The Wall Street Journal's Caracas' man, Ezequiel Minaya, posted an article a couple of days ago entitled "Venezuela's Press Crackdown Stokes Growth of Online Media", in which he lays out some of the problems the Venezuelan press is experiencing. Where I must depart from Minaya's POV is where he says "The government hasn't been as aggressive online, though regulations policing media content have been extended to the Internet." Perhaps he missed this other WSJ article from February this year, which claimed:
The Venezuelan government, besieged by nationwide protests, appears to have stepped up its censorship of Internet services used by demonstrators and sites that have criticized the government response to the unrest, technology firms and researchers said.
Dozens of websites including Pastebin.com, which protesters used to share photos, have been blocked in Venezuela, according to Herdict, an initiative under Harvard University's Berkman Center for Internet & Society that collects data on Internet filtering. Such blocks are usually carried out by local Internet service providers, which interrupt the connections between users' computers and the servers that host the websites or services they are using.
"Venezuelans are seeing a creeping curtain of censorship from a regime desperate to hide the brutal repression meted out to protesters and innocent civilians," wrote Alek Boyd, founder of INFODIO, a mostly English-language blog about corruption in Venezuela, in a post pleading with readers to republish messages on social media in Venezuela.
By blocking specific domains or IP addresses, service providers cut off the connection between a user's computer and the website or service they are trying to access, a crude way to limit access to a list of known websites.
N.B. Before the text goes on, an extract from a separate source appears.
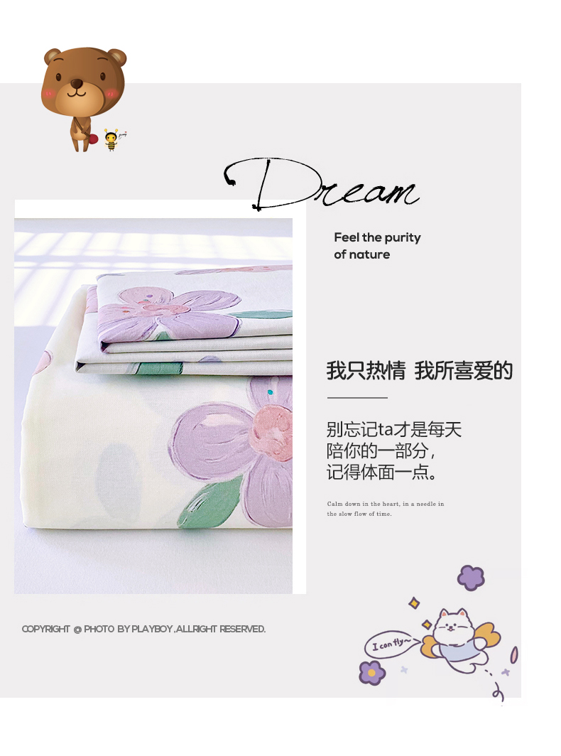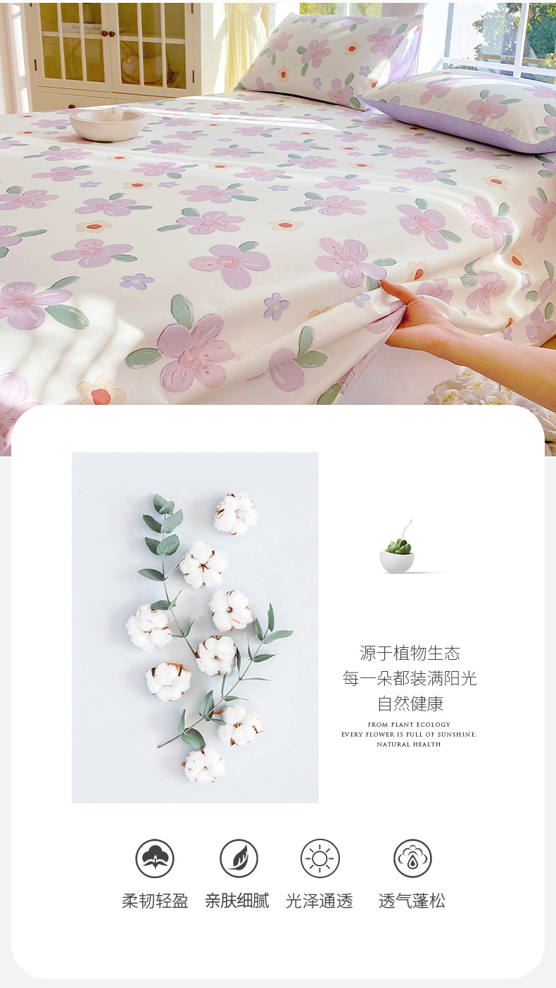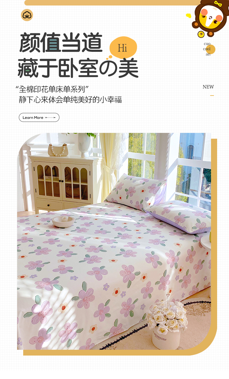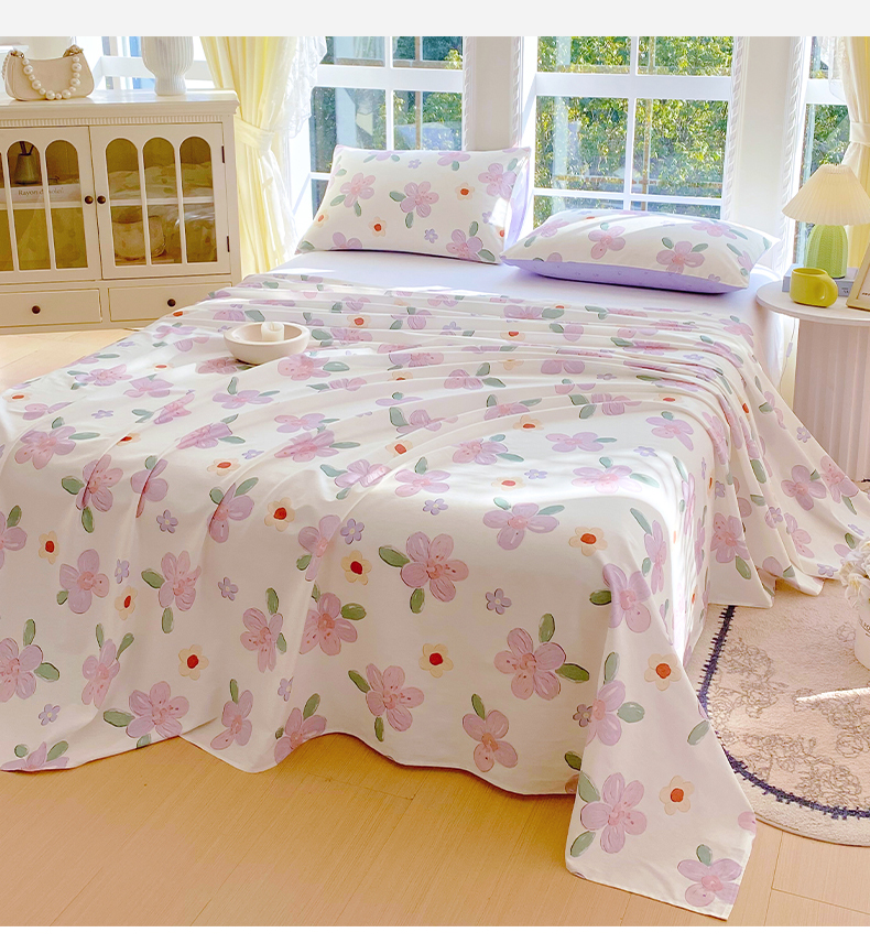 • 91家纺网 家纺一手货源 找家纺 小懒猪 2026全棉纯棉印花单床单床单单件 淡紫花屹

Such techniques have long been used in countries like China, where the government strictly controls the media and Internet, but China also uses more-sophisticated filtering technology that can also detect banned keywords within unknown Web pages and disrupt access to those pages as well.
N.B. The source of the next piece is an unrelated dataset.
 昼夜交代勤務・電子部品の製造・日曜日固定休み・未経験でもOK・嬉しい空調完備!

The access disruptions in Venezuela were already having an effect. Mr. Boyd of INFODIO said traffic to his site dropped to between 4,000 and 6,000 visits a day, compared with as much as 20,000 a day before it was allegedly blocked in the country in mid-January. Mr. Boyd is also looking at services that will help make it easier for his readers to get around any blocks.
A while ago, I spoke with Minaya about online censorship and being a blogger in Venezuela these days. My case, if I may say so, is unique, for, as far as I am aware, not only I am the only Venezuelan blogger whose site has been censored, although I write mostly in English, but the proxies that I have linked to in my Twitter profile for Venezuela-based readers have systematically been blocked too. Even Reporters Without Borders, which runs a campaign aptly named We Fight Censorship, reported on my case in an article entitled "CORRUPTION OFF LIMITS ON VENEZUELAN INTERNET"
But Chavismo's antics are not limited to just censor a website. Close collaborators of Nicolas Maduro, like Primicias24.com Carlos Herrera, have posted stuff that goes well past mere smearing into the realm of the impossible. While pesky journalists in Venezuela can expect a visit from intelligence operatives at any moment, a recent comment made by someone totally unrelated to my regular blogging activities -along the lines of "they're looking for you and want you dead"- left me in no doubt as to what could happen if I lived in Venezuela.
Chavismo controls CANTV, and with it 87% of internet traffic. Why would a State-owned telecom company go to the trouble of blocking a blogger's site as well as the proxies that allow people to access that site? And, can that be termed as "The government hasn't been as aggressive online"?